Google renames the Persian Gulf

Turns out Google already had another cartographic controversy on its hands.

Earlier this week we learned of an Israeli city's slander lawsuit against the search giant based upon Google's refusal to remove a user-generated Google Earth notation that identifies the community of Kiryat Yam as Arab Ghawarina. A Google spokesperson told me that the notation violated no aspect of the company's terms of use agreement, no matter how much it violated the sensibilities of Kiryat Yam officials.

In this second controversy, however, Google does not have the "We didn't do it" card at its disposal. That's because Google itself has renamed the Persian Gulf.

They can do that?

Mother Jones blogger Justin Elliott explains:

The problem comes in the form of a letter to Google's CEO from the National Iranian American Council loudly protesting the inclusion in Google Earth of the term "Arabian Gulf" - along with the more common "Persian Gulf."

Only a few years ago, in 2004, Google's co-founders told shareholders that "focused objectivity" was a trait "most important in Google's past success" and "most fundamental for its future." But that was before Google Earth.

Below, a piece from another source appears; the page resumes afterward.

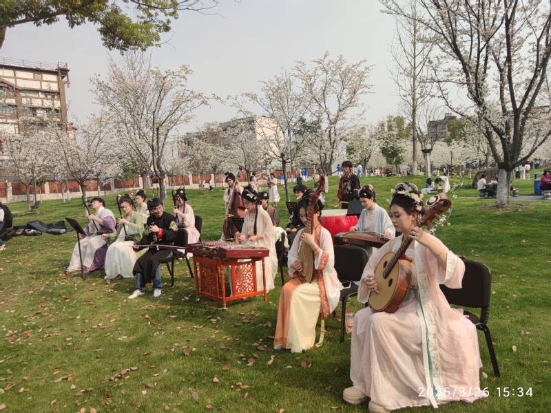 在这场春日盛宴的之中,除了一幅幅唯美的画卷,还有音乐学院师生连续数日的默默付出。开幕式当天,现场设置了包括万象初绽、指筝溯光、英华豪情、千峰翠色等九个舞台点位,其中一半以上的节目均有音乐学院的师生参与,他们为市民游客带来了舞蹈、民乐等精彩的表演,让市民游客在饱览花海美景之外,也一睹音乐艺术与舞蹈艺术之美,多“美”融合。

And if the two complaints this month show anything, it's that a map is a highly subjective thing. Including "Arabian Gulf" was a classic hedge on Google's part, probably an attempt to strive for that ideal of objectivity. NIAC's letter, however, explains the term's somewhat untoward history:

You can read that letter here.

The group says that the National Geographic Society "made the same error" in 2004 and willingly corrected itself after NIAC complained.

Google has yet to reply to inquiries from Mother Jones.

Perhaps the programmers behind Google Earth should just pretend that the Middle East has dropped off the map altogether. Drastic, yes, but their lives would be made so much simpler.